In early 2024, a few months after Beale joined Blue Ridge Bankshares, the Office of the Comptroller of the Currency, an independent bureau within the U.S. Department of the Treasury, hit the company with a cease-and-desist order related to deficiencies in its Bank Secrecy Act/Anti-Money Laundering compliance program. The order cited “systemic internal controls breakdowns,” “weak independent testing” and “insufficient BSA staffing.”
On Nov. 13, 2025, Blue Ridge Bankshares announced that the Office of the Comptroller of the Currency had terminated the consent order.
“Being released from the regulatory consent order in less than 23 months is a testament to the hard work and the expertise of our team,” Beale stated in the November news release.
The bank raised $165 million in new capital during Beale’s tenure, according to a message Beale posted to LinkedIn on Thursday.
“Along the way we successfully [exited] the BaaS business,” he said in the post. “To do so we managed the runoff of [$500 million] in deposits by raising local deposits and shrinking the loan book. Many were surprised by our success.”
Board Chairman Vance H. Spilman thanked Beale in Thursday’s news release “for the exemplary job he has done on behalf of employees, shareholders and customers, most notably overseeing the bank’s exit from the OCC Consent Order and our return to profitability.”
From November 2018 to July 2020, Beale was president and CEO of Midlothian-based Community Bankers’ Bank. Before that, Beale was CEO of Richmond-based Union Bank & Trust, now known as Atlantic Union Bank. During his tenure, from 1991 to March 2017, the bank’s total assets grew from $180 million to $8.5 billion.
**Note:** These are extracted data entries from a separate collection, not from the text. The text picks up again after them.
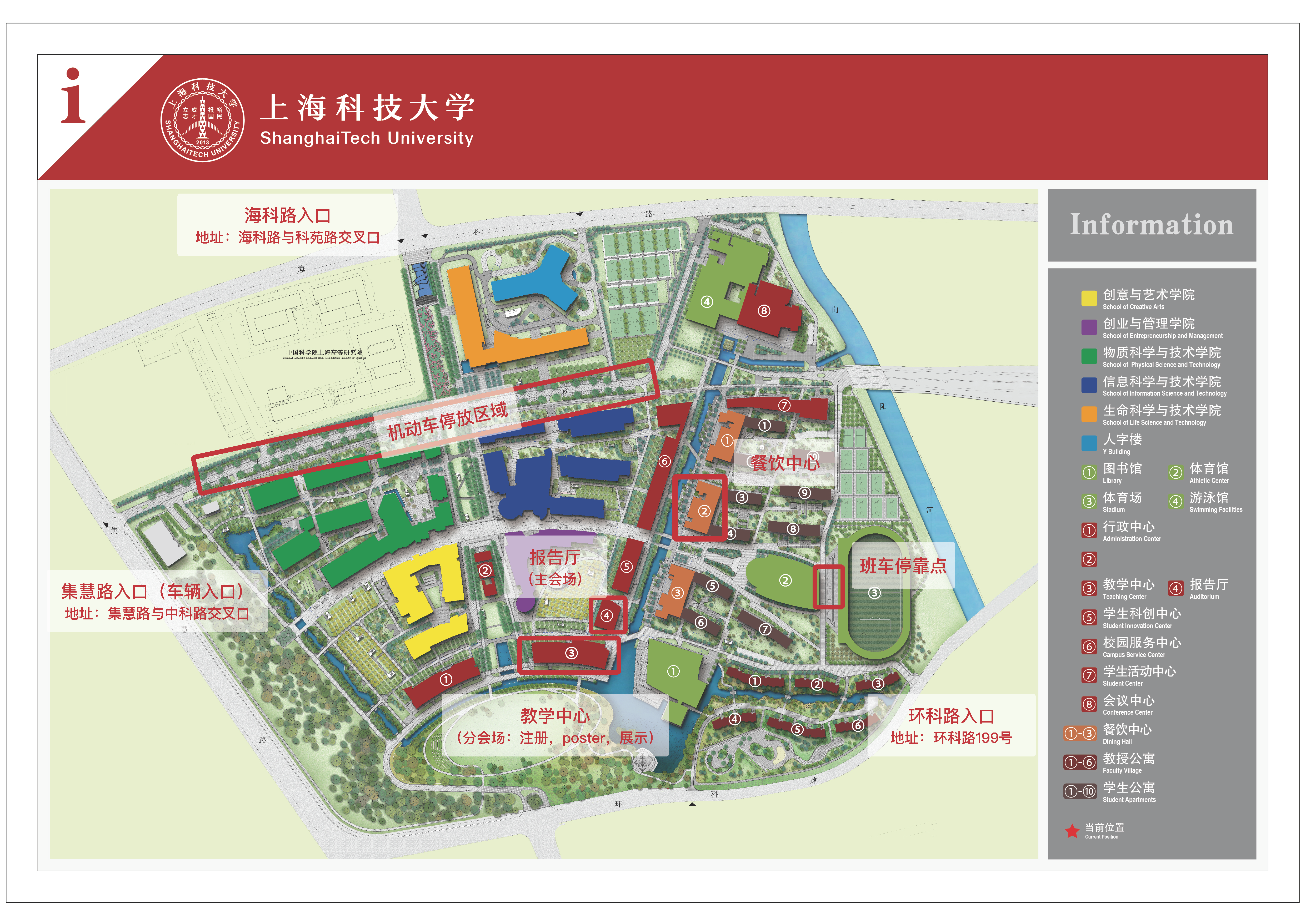 After your arrive at the Zhangjiang High Technology Park station, walk out from the No. 2 exit turn right (Keyuan Road) and then walk straight for 3 minutes to find the shuttle Bus to ShanghaiTech University (with ShanghaiTech University /SSIST).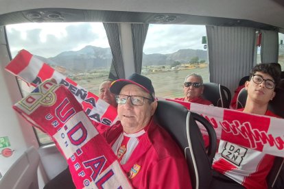 La Federación de Peñas de la UD Almería que preside Mónica Ruiz llenó dos autocares de 63 plazas cada uno, mientras que la Peña Orgullo Almeriense completó otros dos con un total de 110 aficionados entre peñistas o abonados rojiblancos.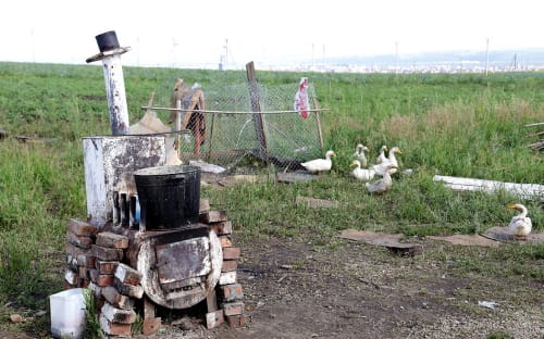 По двору степенной стайкой бродят гуси, беспорядочно носятся заполошные куры, где-то рядом слышится ленивое хрюканье свиней. Между этой живностью снуют многочисленные чумазые и целеустремлённые цыганята. Одна, как сорока, хватает цепкими пальцами с обгрызенными ногтями диктофон и нахально прищуривается: «Дяденька, подари, а?» Женщины гортанными цыганскими возгласами отгоняют их на безопасное расстояние.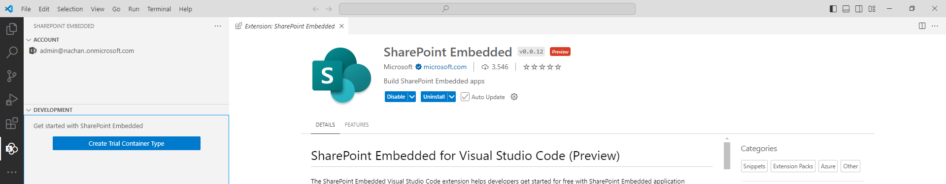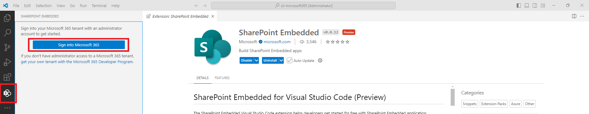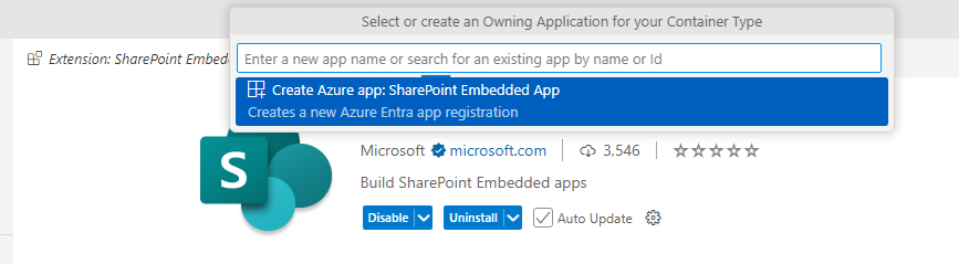 Search and install the extension - SharePoint Embedded.

Beale earned his bachelor’s degree in business administration from The Citadel in South Carolina. He later graduated from the Southwestern Graduate School of Banking at Southern Methodist University.
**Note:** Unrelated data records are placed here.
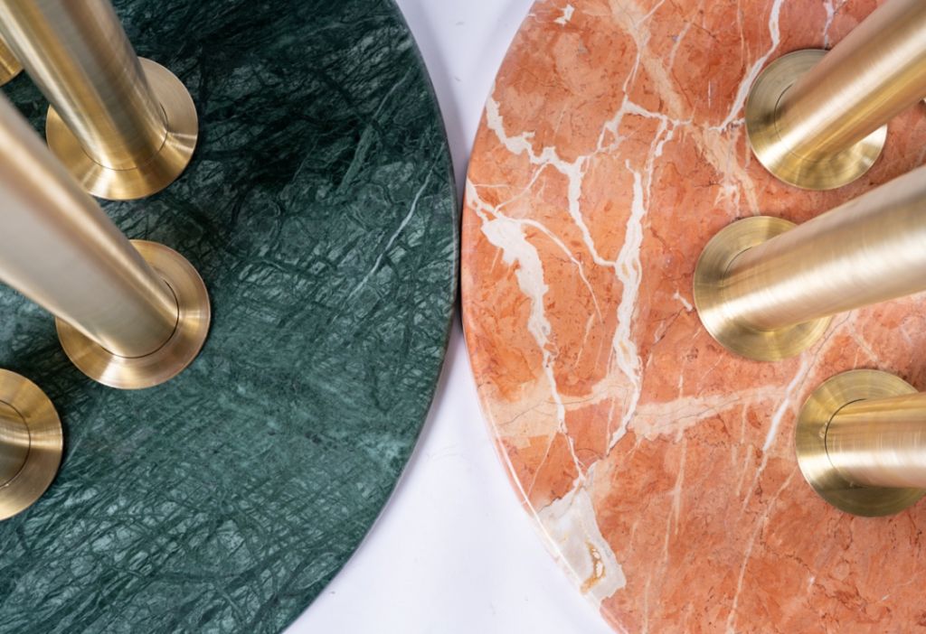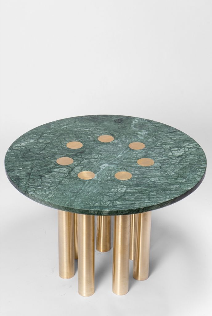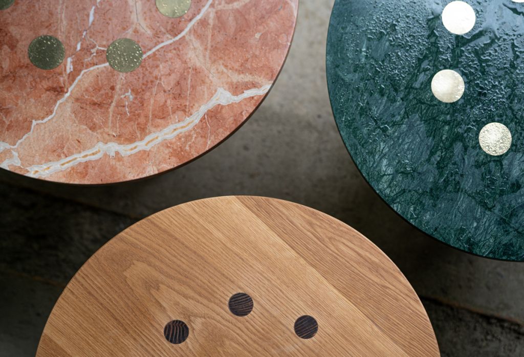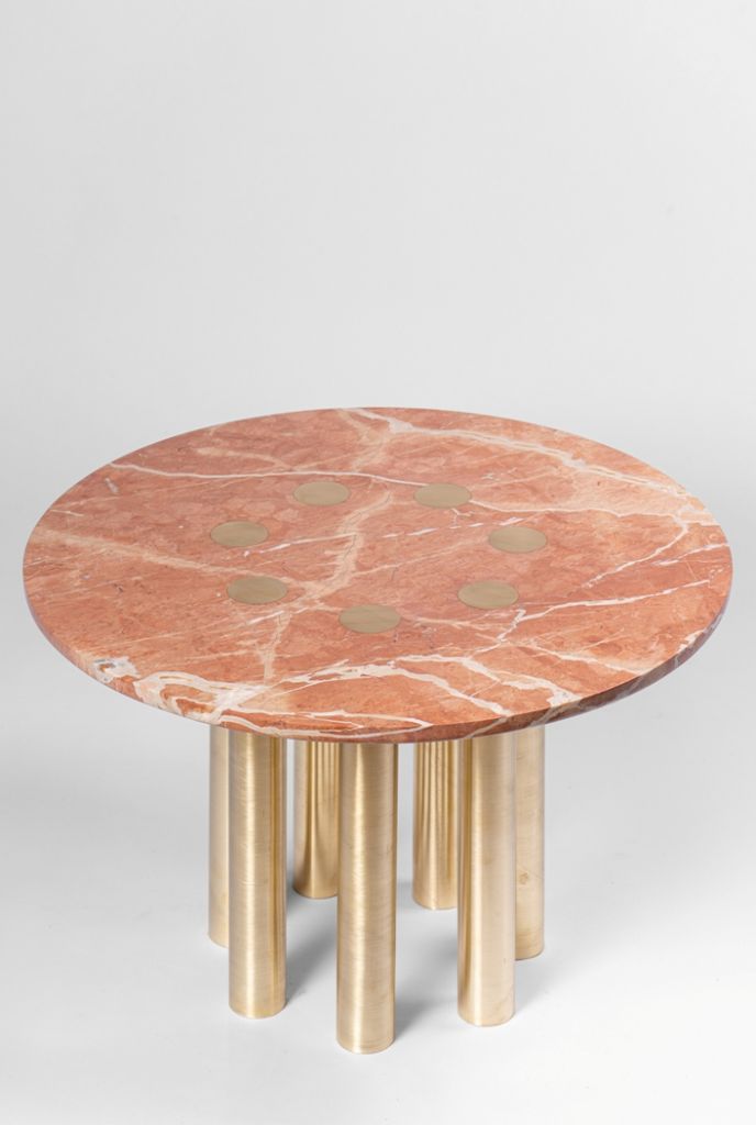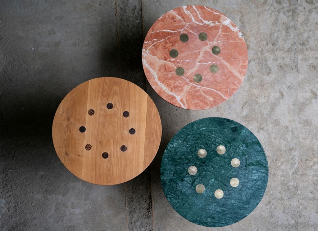 Fiecare masă este realizată din două materiale, unul pentru blat – marmură sau lemn de stejar, iar celălalt pentru bază – alamă sau lemn de molid -, iar cele două se intersectează pentru a forma piese unice, cu personalităţi proprii în cadrul aceleiaşi tipologii. Materialele sunt finisate prin şlefuire, în cazul meselor din marmură, şi cu ulei şi ceară naturală, în cazul mesei din lemn.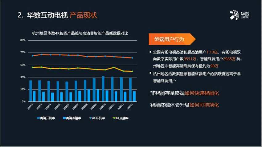 目前,全國(guó)有線電視高清和超高清用戶1.13億,有線電視雙向數(shù)字實(shí)際用戶數(shù)9551萬(wàn),智能終端用戶僅有2985萬(wàn),大大限制了廣電新業(yè)務(wù)的引入與開(kāi)展,而華數(shù)杭州地區(qū)的用戶大數(shù)據(jù)更顯示智能終端用戶的活躍度遠(yuǎn)高于非智能終端用戶。非智能存量終端如何快速智能化,智能終端體驗(yàn)升級(jí)又如何可持續(xù)化?華數(shù)帶來(lái)了全新推出的“華數(shù)喵”產(chǎn)品解決方案。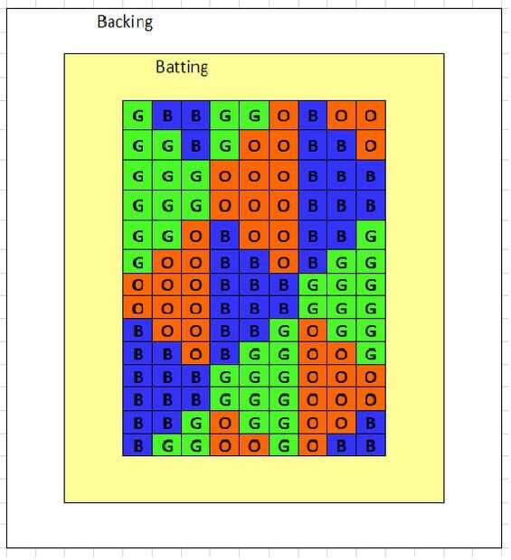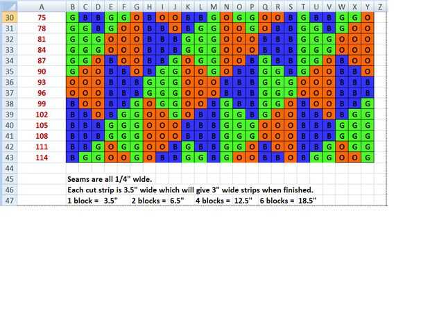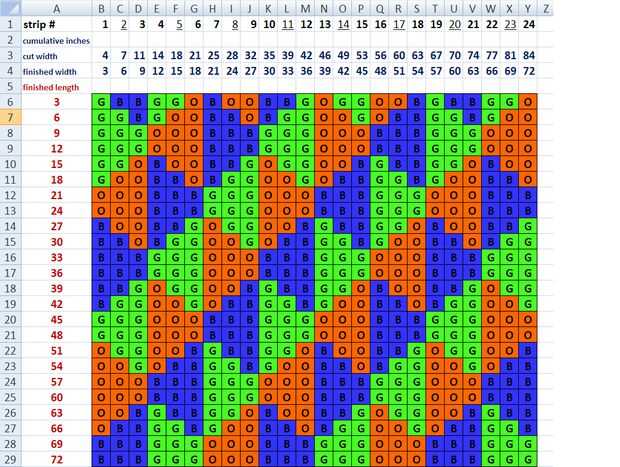 4. hacer un gráfico de la mantita en computadora usando un programa de hoja de cálculo, tiras de 3 cuadras para cada 3.5" tira larga, 2 cuadras de 6.5", a 4 cuadras de 12.5" tiras, 6 cuadras para las tiras de 18.5". Contar el número de 3.5", 6.5", 12.5 y 12.5" bloques necesitan para cada color y se nota esto en la parte inferior del gráfico.

Golliday has more than four decades of experience in the financial services industry with leadership roles with Capital One Financial and SunTrust. He launched his career as a corporate banker with Wachovia in Winston-Salem, according to his LinkedIn page. He earned a degree in business administration from Washington & Lee University.
For 2025, Blue Ridge Bankshares reported net income of $10.7 million, compared with a net loss of $15.4 million in 2024.
The company had 292 full-time and 10 part-time employees at the end of 2025. The bank, which has its main office in Martinsville, is the 19th largest bank and thrift in the state.